**ASSIGNMENT:**
Each line in the material below, starting at the one that contains "가용성고형분 57.7% |" and ending at the one that contains "2. Ensuite, depuis", should be repeated exactly; the pictures should not.

**EXERCISE MATERIAL:**
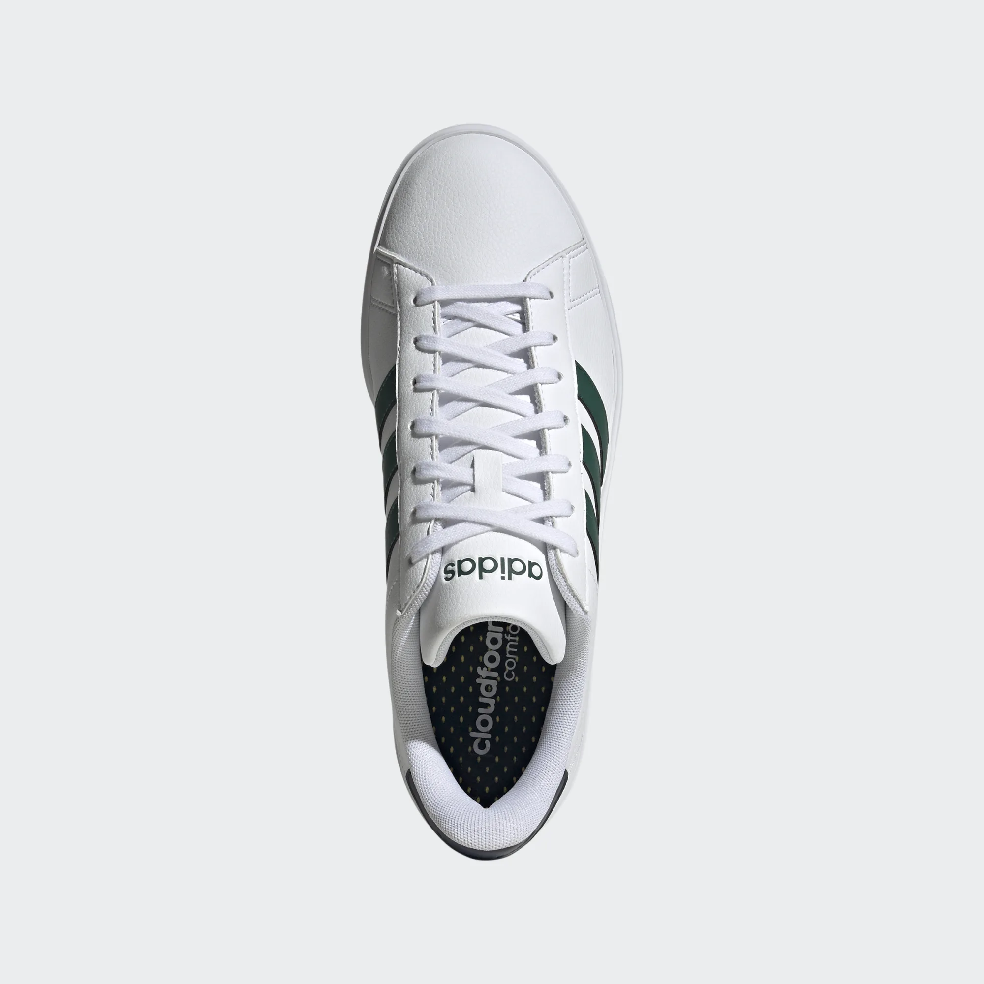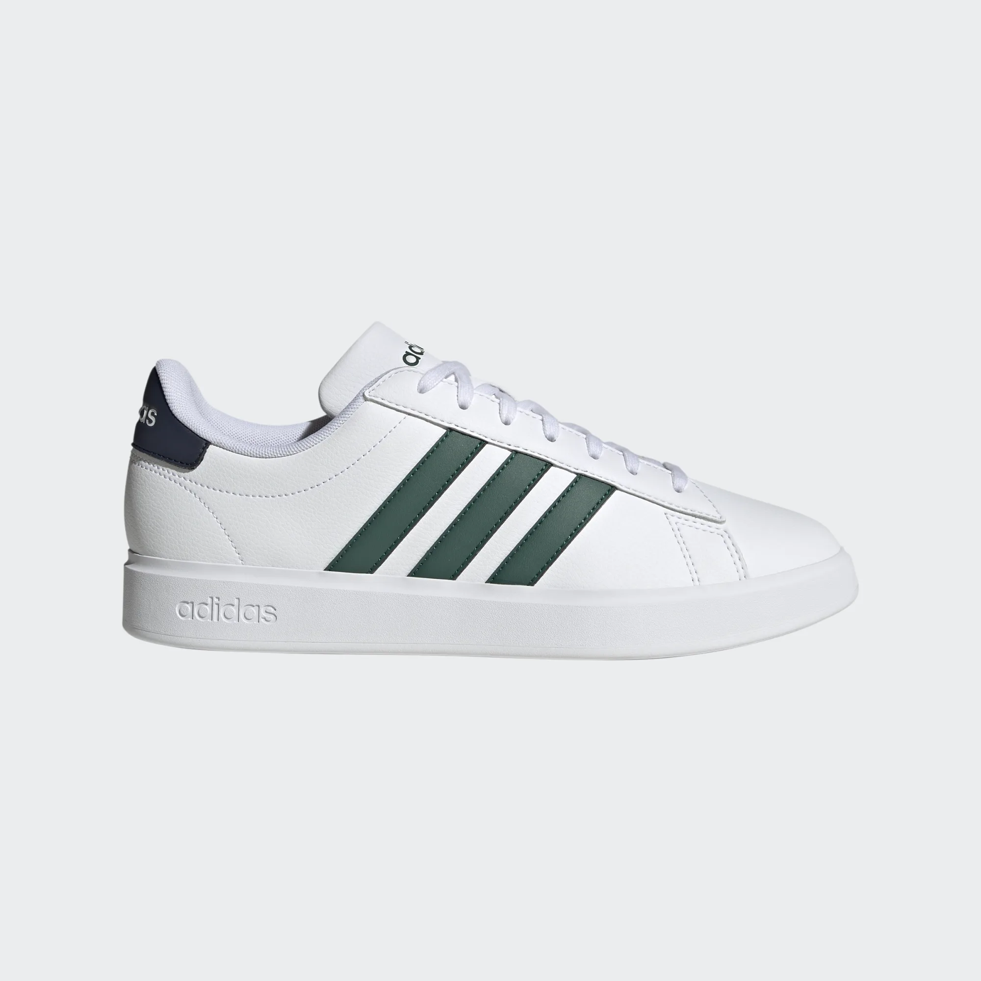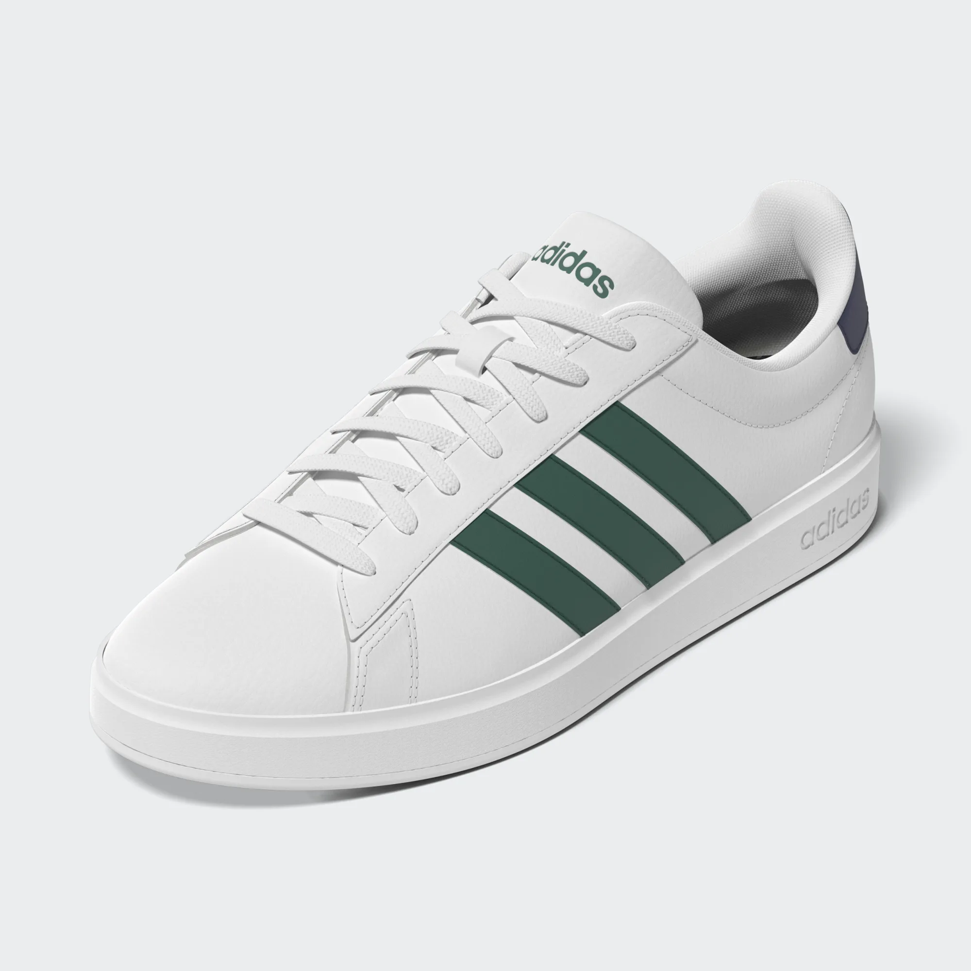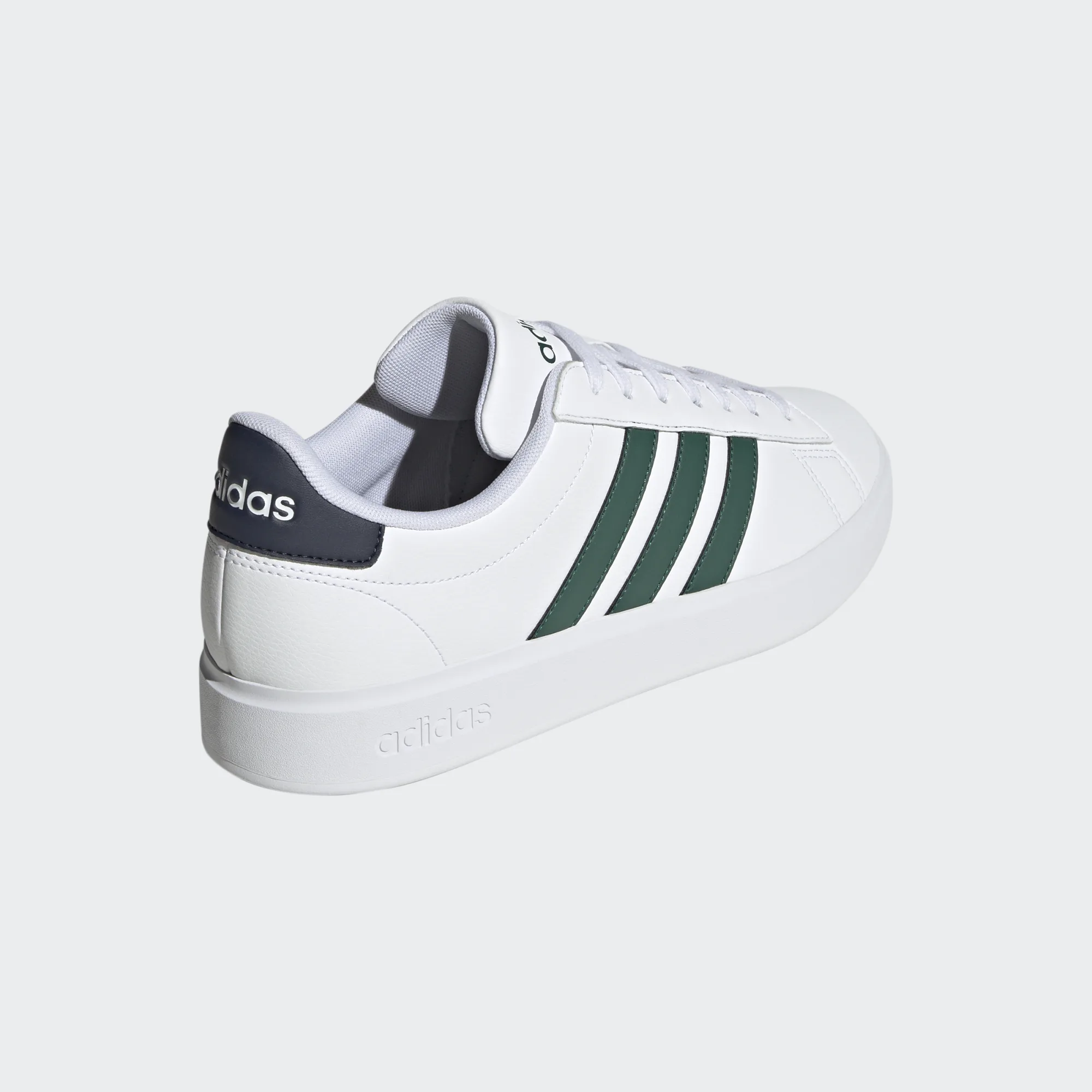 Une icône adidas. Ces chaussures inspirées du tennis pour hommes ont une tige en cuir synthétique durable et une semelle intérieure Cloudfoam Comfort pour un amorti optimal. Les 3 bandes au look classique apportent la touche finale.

==

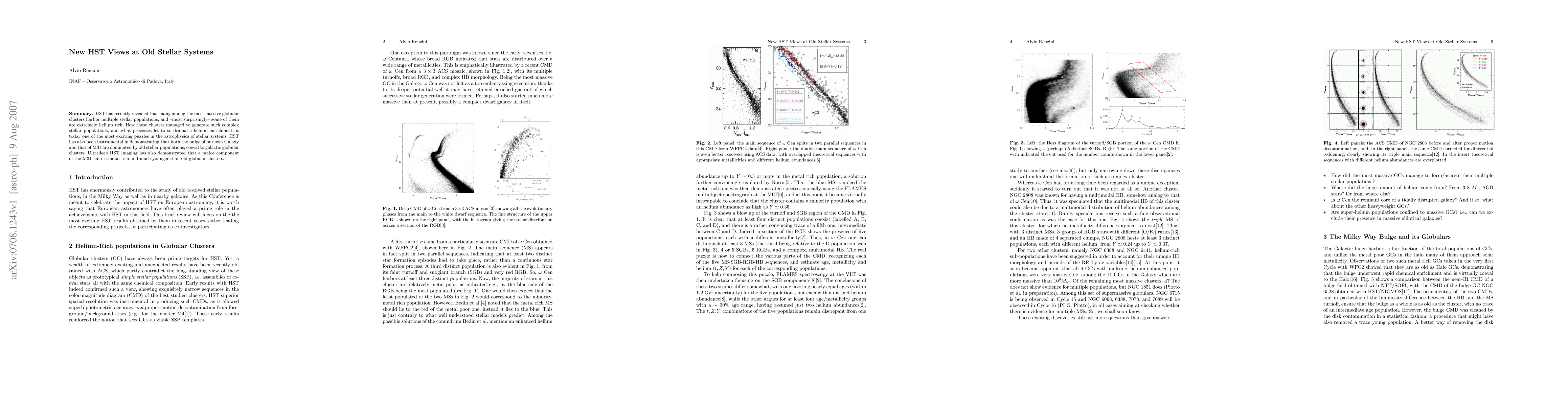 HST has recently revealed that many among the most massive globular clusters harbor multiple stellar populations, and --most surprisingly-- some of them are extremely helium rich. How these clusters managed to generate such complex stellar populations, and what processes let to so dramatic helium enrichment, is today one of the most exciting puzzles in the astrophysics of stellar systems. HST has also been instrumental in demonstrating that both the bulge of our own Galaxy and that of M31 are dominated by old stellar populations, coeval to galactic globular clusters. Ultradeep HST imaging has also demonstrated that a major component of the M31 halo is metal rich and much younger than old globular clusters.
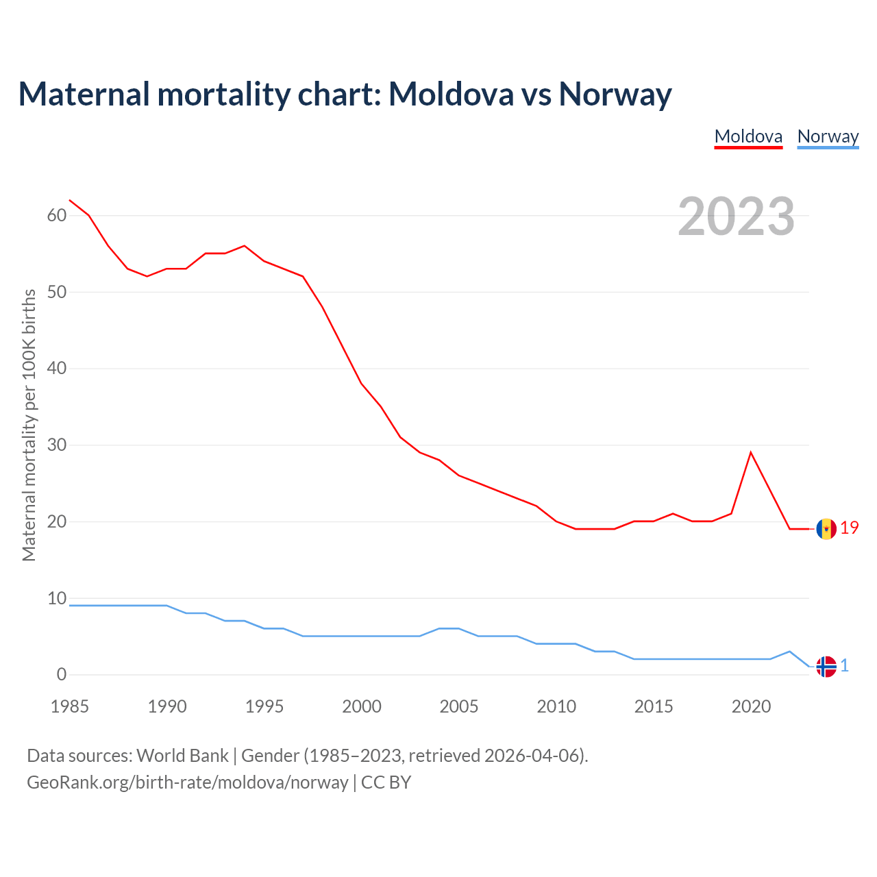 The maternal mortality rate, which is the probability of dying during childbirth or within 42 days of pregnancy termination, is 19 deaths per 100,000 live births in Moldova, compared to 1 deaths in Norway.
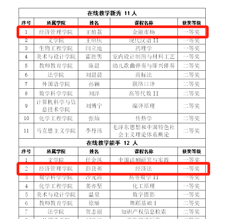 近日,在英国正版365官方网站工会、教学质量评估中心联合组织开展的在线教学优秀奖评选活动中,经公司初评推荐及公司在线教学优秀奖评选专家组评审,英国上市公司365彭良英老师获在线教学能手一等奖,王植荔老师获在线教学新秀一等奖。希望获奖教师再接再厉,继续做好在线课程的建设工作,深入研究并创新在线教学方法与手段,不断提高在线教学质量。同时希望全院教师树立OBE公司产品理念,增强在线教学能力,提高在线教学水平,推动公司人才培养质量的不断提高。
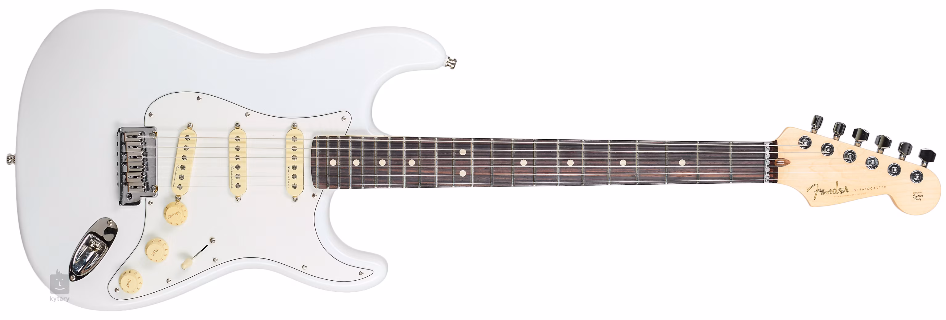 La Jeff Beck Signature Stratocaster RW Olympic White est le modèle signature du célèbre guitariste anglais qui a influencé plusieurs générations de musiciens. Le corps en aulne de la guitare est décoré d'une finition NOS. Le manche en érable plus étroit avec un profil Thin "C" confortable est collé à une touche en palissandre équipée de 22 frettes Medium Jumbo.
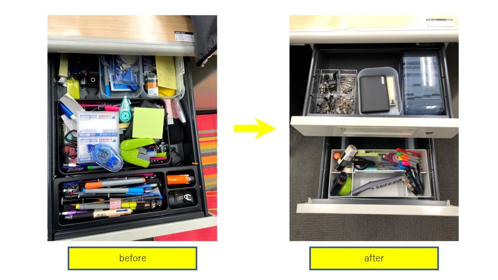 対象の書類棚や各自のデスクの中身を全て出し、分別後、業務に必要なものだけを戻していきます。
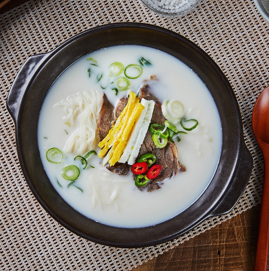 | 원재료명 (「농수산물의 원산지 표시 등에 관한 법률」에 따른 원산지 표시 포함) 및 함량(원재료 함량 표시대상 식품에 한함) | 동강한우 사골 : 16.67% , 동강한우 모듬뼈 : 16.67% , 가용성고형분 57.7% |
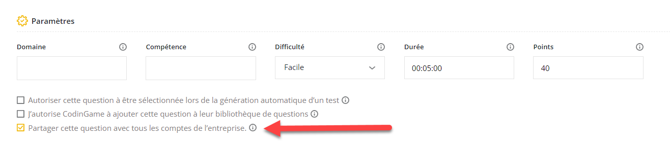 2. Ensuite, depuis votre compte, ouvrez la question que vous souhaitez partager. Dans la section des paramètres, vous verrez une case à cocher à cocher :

...

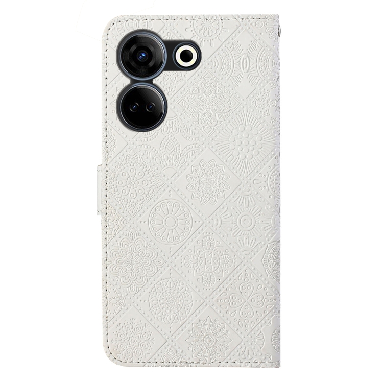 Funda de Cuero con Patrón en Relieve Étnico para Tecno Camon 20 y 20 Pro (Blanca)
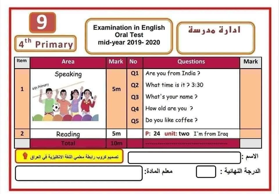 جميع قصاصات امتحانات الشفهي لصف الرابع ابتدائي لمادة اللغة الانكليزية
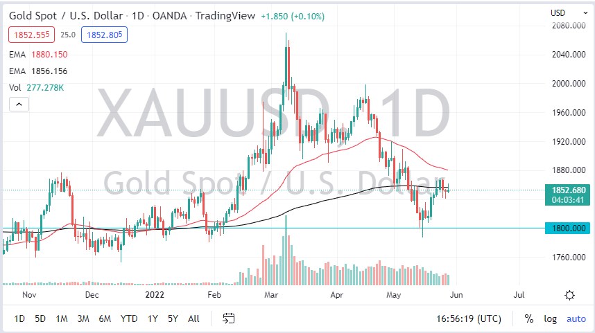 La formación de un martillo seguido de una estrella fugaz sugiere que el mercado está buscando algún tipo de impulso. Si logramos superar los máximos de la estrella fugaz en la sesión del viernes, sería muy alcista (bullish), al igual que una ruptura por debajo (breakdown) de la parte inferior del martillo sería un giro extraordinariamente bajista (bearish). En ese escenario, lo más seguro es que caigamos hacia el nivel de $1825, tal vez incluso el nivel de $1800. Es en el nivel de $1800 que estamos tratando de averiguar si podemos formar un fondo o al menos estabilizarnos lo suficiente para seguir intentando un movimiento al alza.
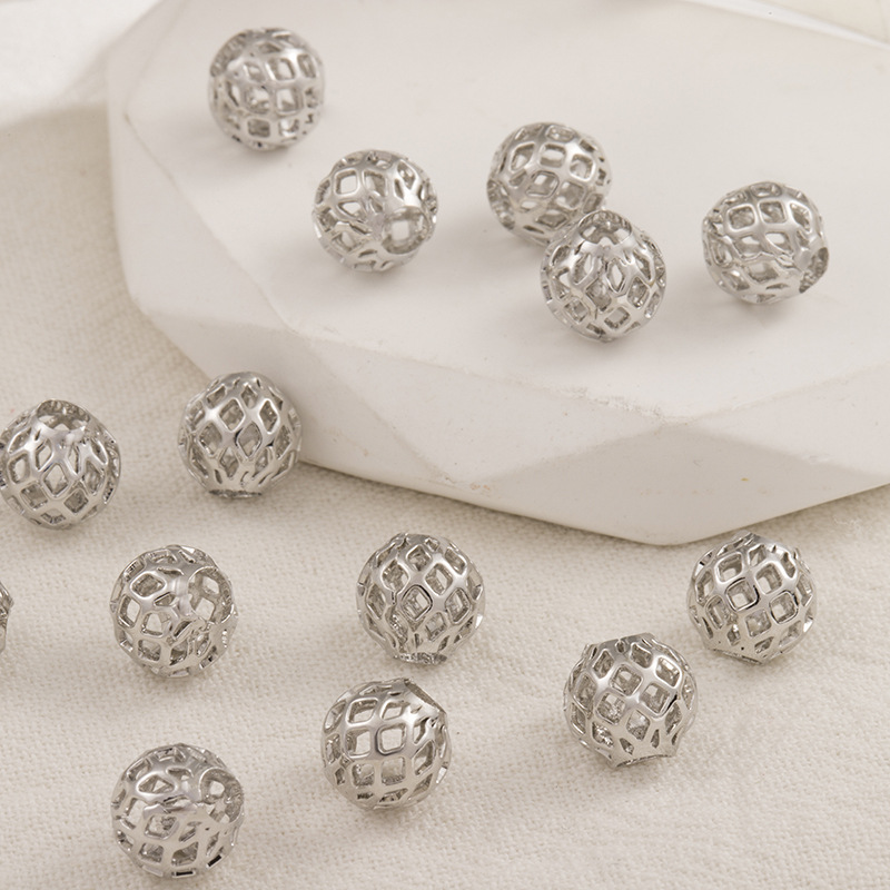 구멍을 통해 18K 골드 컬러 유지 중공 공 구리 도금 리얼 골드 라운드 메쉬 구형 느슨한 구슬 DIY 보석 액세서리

**EXERCISE SOLUTION:**
 | 원재료명 (「농수산물의 원산지 표시 등에 관한 법률」에 따른 원산지 표시 포함) 및 함량(원재료 함량 표시대상 식품에 한함) | 동강한우 사골 : 16.67% , 동강한우 모듬뼈 : 16.67% , 가용성고형분 57.7% |
 2. Ensuite, depuis votre compte, ouvrez la question que vous souhaitez partager. Dans la section des paramètres, vous verrez une case à cocher à cocher :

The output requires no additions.